The pace was much slower than in Abu Dhabi, where occupancy costs in local currency shot up 94.6 per cent from a year ago. The emirate and two other Middle Eastern cities dominated the top three positions in the list of fastest-growing rentals.

”Our current perceptions are greatly affected by the current economic malaise and we tend to forget how fast rents and occupancy costs were rising over the last 12 months,” said Dr Raymond Torto, CBRE’s global chief economist.

In terms of pricing, Singapore is still rather expensive. Rents of US$135.13 per square foot (psf) per year made it No 9 among the world’s most expensive office market in absolute terms.
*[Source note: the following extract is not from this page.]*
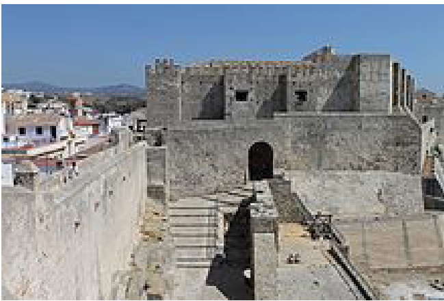
Alcázar desde el patio de Armas de Tarifa

El alojamiento lo tenemos en Algeciras y al día siguiente partimos para Arcos de la Frontera, para visitar el Centro de Interpretación, la Plaza del Cabildo, el Mirador de la Peña, la Basílica de Santa María de la Asunción, la Iglesia San Pedro Apóstol, el Jardín Andaluz, el Mirador de Abades y el Palacio del Mayorazgo. Almorzamos en el restaurante Peña de Arcos y a continuación nos volvemos a nuestro lugar de residencia, dirección Jerez de la Frontera y autovía de Sevilla.

It was in the same position during the survey in May, but ranked 11th in the November survey last year.

The results bode well for Singapore’s competitiveness, said Chesterton Suntec International research head Colin Tan, especially when compared with rival cities like Hong Kong.

Hong Kong’s office rental market is more expensive than Singapore’s – as the Chinese territory ranks No 12 in the category of fastest growing rents – while Hong Kong office rents of US$234.73 psf per year make it No 3 among the world’s most expensive.

Mr Tan expects Singapore to slip further in future rankings: “One of the Government’s major policy is to ensure our competitiveness, and it is more deliberate in Singapore than elsewhere.”

He added that the Government’s recent efforts to increase office supply through the release of transitional office sites would further ease rents in the months ahead.

Worldwide, rents jumped 8 per cent compared to a year ago, almost double last year’s world inflation rate, the survey noted. Still, Dr Torto noted that the rate of change is generally slowing and in some markets, the pricing direction is down. This will bring “some relief to occupiers” but “angst to owners”.

However, he said, “unlike previous downturns, which have occurred simultaneously with extensive overbuilding, the real estate market globally today is in a stronger position to weather the difficulties than in the past”.